Baseline Characteristics Focal, n=52 Crescentic, n=37 Mixed, n=39 Sclerotic, n=17
Age at biopsy, yr, mean ± SD 60±13 62±11 61±14 66±12
Men (%) 33 (64) 24 (65) 18 (46) 8 (47)
Diagnosis (%)a
 Granulomatosis with polyangiitis 33 (63) 14 (40) 8 (21) 8 (50)
 Microscopic polyangiitis 17 (33) 19 (54) 27 (73) 8 (50)
 Eosinophilic granulomatosis with polyangiitis 1 (2) 0 (0.0) 1 (3) 0 (0)
 Kidney limited vasculitis 1 (2) 2 (6) 1 (3) 0 (0)
ANCA specificity (%)b
 PR3 23 (48) 13 (37) 7 (20) 7 (44)
 MPO 19 (40) 21 (60) 25 (69) 8 (50)
 Negative 3 (6) 0 (0) 3 (8) 0 (0)
 Double positive 3 (6) 1 (3) 1 (3) 1 (6)
Diagnostic delay, mo, mean ± SD 4.7±12.9 1.4±2.7 2.4±3.2 3.6±11.5
eGFR0, ml/min per 1.73 m2, mean ± SD 50±29 18±16 27±19 19±12
Proteinuria class at biopsy (%)c
 Normal 4 (9) 1 (3) 2 (5) 0 (0)
 Moderately increased 18 (39) 4 (13) 3 (8) 3 (19)
 Severely increased 24 (52) 27 (84) 33 (87) 13 (81)

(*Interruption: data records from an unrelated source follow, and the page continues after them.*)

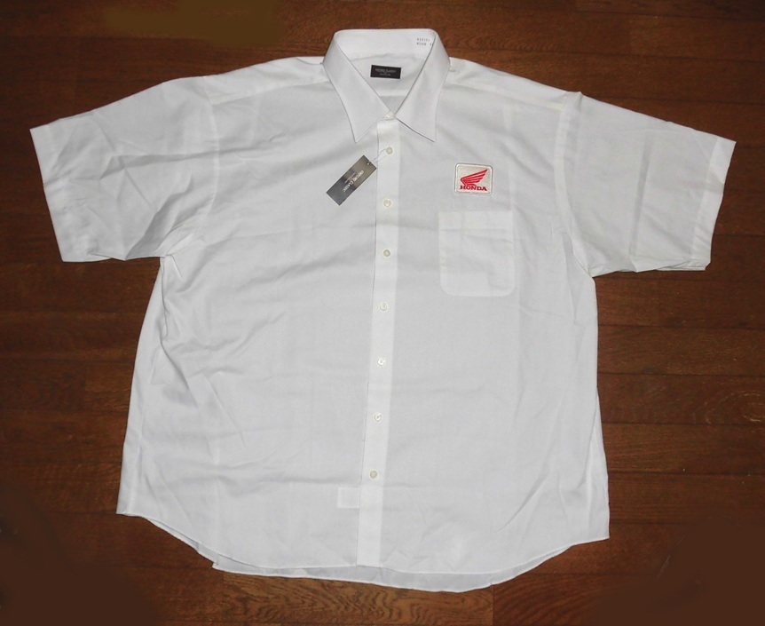> HONDA ホンダ ウイングマーク 刺繍ワッペン付 ボタンシャツ 半袖 形態安定 WHT 大きいサイズ 5L 紙タグ付 未使用品/CBR本田NSRハンターカブ
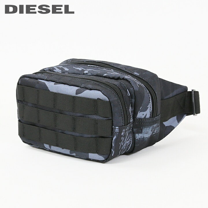 DIESEL ディーゼル ウエストポーチフロントWポケット付きボディーバッグ迷彩グリーン 迷彩グレーブラック カーキグリーンロゴプレート ウエストバッグファスナーポケット ヒップバッグBODY BAG鞄 カバン かばん
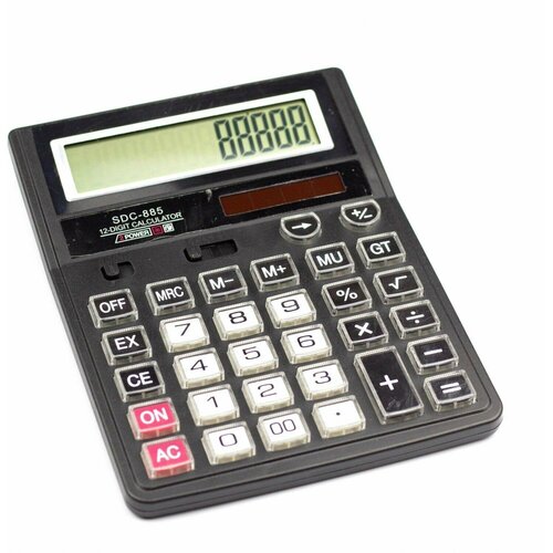 Калькулятор настольный 12 -разрядный SDC-885 190*148мм 2питания (черный корпус) (картонная упаковка) (32164)

PR3, proteinase-3; MPO, myeloperoxidase.

a

The diagnosis was specified in 140 patients.

b

ELISA test results were available in 135 patients.

c

In accordance with the Kidney Disease Improving Global Outcomes clinical guidelines, normal level of proteinuria was defined as protein excretion of <0.15 g/d or as a negative protein dipstick test, moderately increased proteinuria was defined as a protein excretion rate of 0.15–0.50 g/d or as trace on protein dipstick test, and severely increased proteinuria was defined as total protein excretion >0.50 g/d or as + or more on protein dipstick. The proteinuria class could be determined in 132 patients.